Summary of this article
Retirement planning compared to cricket innings.
Start early to maximise compounding power.
Corpus must match future lifestyle costs.
At the IDFC First Bank presents Outlook Money 40After40 Retirement Expo, Nikhil Varma, Head Bancassurance, Wealth Management, IDFC FIRST Bank, delivered a powerful and relatable session on retirement planning. His segment was framed as one to explain one of the most financially significant journeys of one's life. Data shared by IDFC First Bank shares financial planning for people in a very relatable format.

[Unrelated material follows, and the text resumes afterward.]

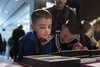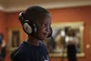 A photograph of an event for Art Fund at Manchester Art gallery, Manchester in which a young boy watches a presentation while wearing headphones
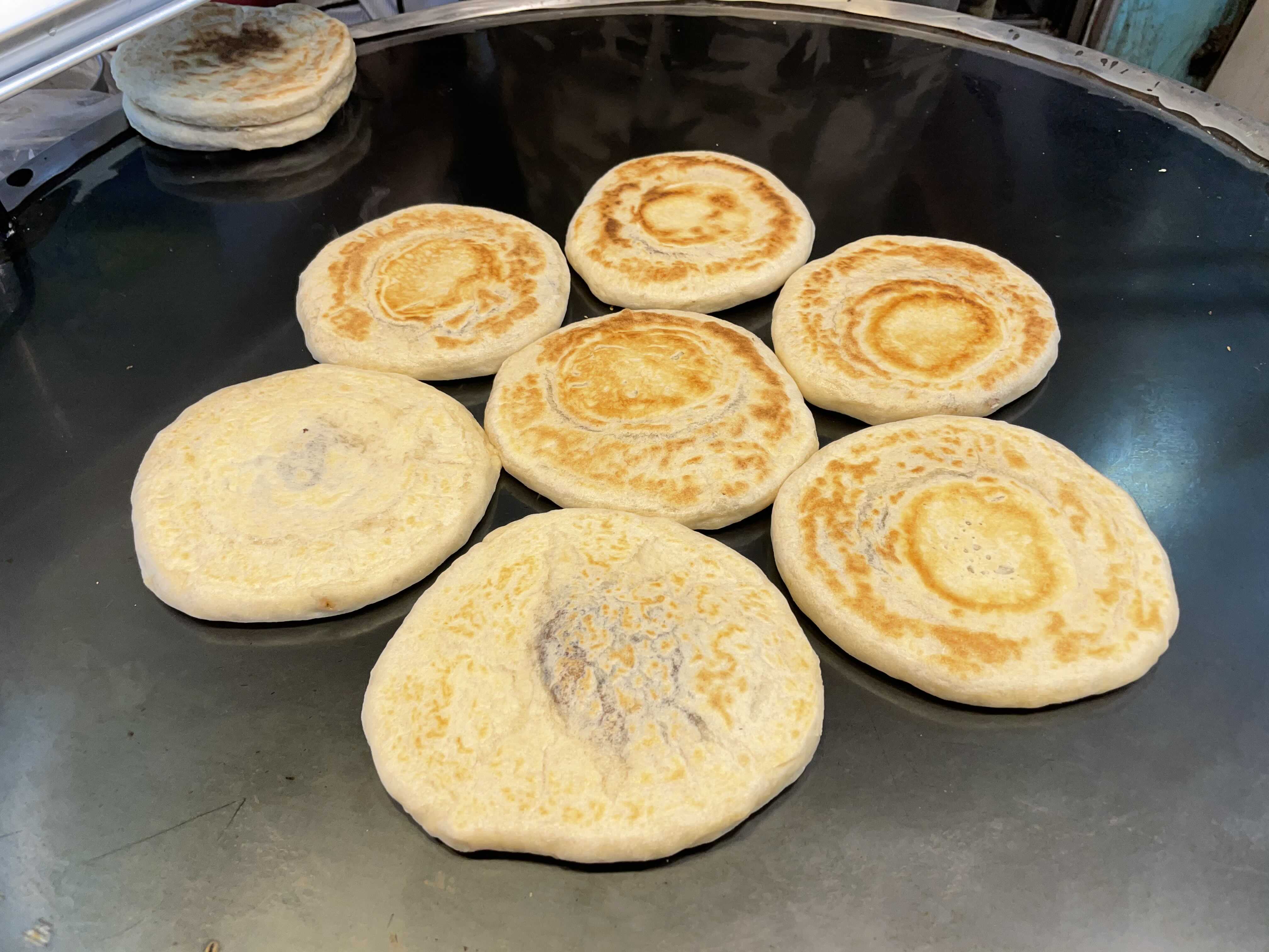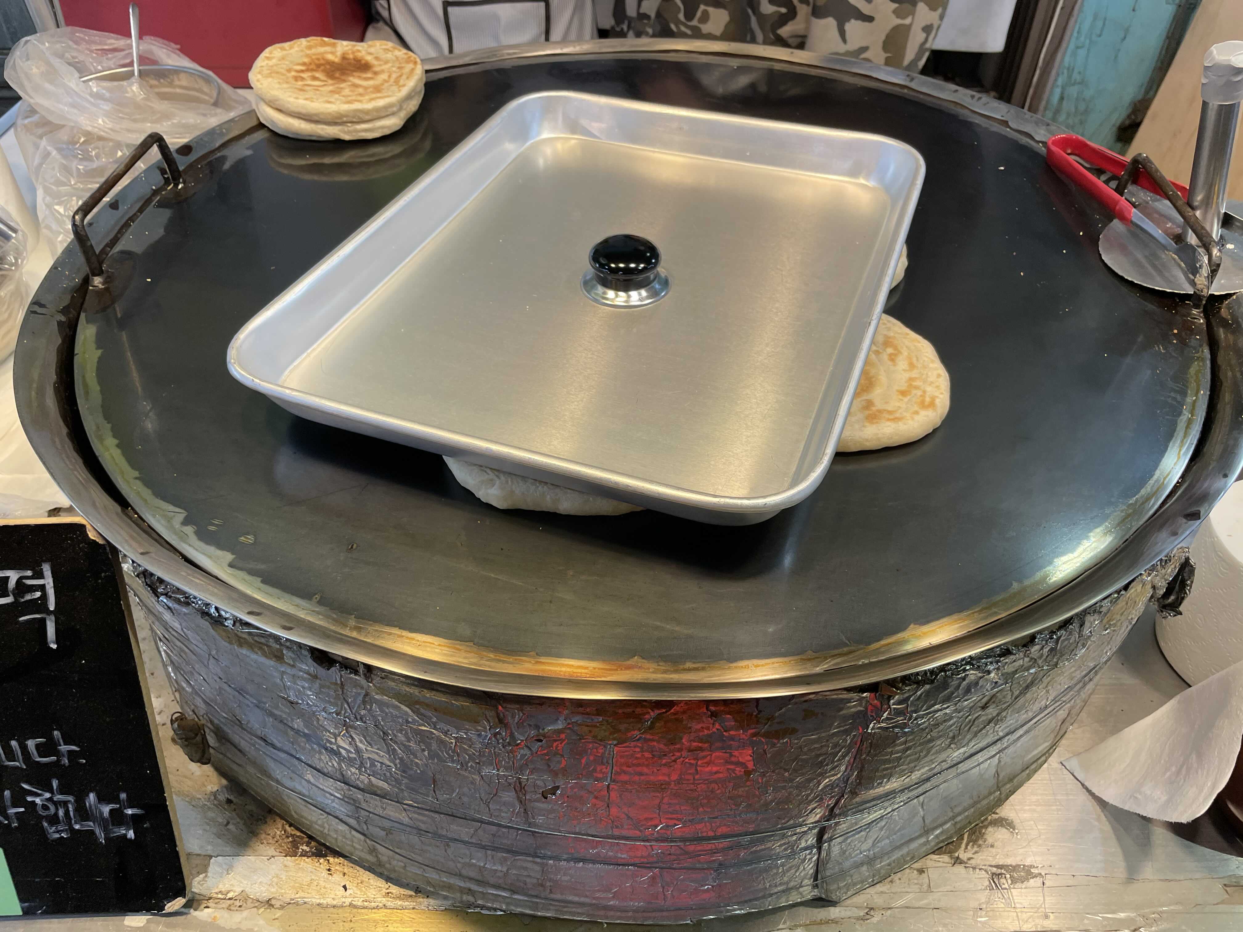 넓은 판에 구워지고 있는 호떡의 모습입니다. 보통 구운 호떡은 중국 호떡, 공갈호떡이라고 해서 기름기 없이 담백하지만 식감은 바삭한 호떡인데요.

The 20s of one’s life are simply called the “Powerplay Overs”, with strategic moves such as rigorous saving, converting spending into disciplined savings, and setting up goals before lifestyle expenses escalate. With this, the emphasis was laid on building strong financial habits, rather than adapting to expensive lifestyle habits. This is supported by numbers that suggest if one starts saving Rs 5,000 per month at the age of 20 at nearly 8 to 12 per cent, one can exceed 3.16 crores by the time one reaches the age of 60.
Despite a rising participation in mutual funds, it is seen that the lifestyle expenses are outpacing the savings. Housing, dining, entertainment, and shopping have a command over the share of income in this age group. While the Consumer Price Index (CPI) inflation averages around 5 to 6 per cent, real lifestyle inflation in the 30s can rise to 12 to 14 per cent, which is contributed to by education, housing, and medical costs.
The 30s to 40s age group is defined as the years when consolidation becomes critical. Home EMIs take up 30 to 40 per cent of one's income in these years, in addition to the costs of supporting children’s education. Here, people have a good chance to cultivate their retirement corpus, as their salaries increase, but this can only happen with insightful and adaptive budgeting.
The 40s and 50s are the years which are almost impossible to ignore. Retirement may be 10 or 20 years away, but the peak earning years coincide with peak expenses, children’s education, weddings, medical costs, home loans, etc.
For those who are aged 50 and above, prudence enters. Income streams are now limited, all the while expenses are constantly on the rise. Post-retirement annuity income typically delivers around 5.50 per cent to 7.50 per cent. This underscores how the need for a retirement corpus is nearly 30 to 35 times the annual expenses, while keeping a safety net ahead of emergencies.
It was highlighted how a Rs 1 crore corpus has two different meanings at the age of 30 versus at the age of 60. The key is not just the size of savings but if financial goals and ability align with the future lifestyle goals.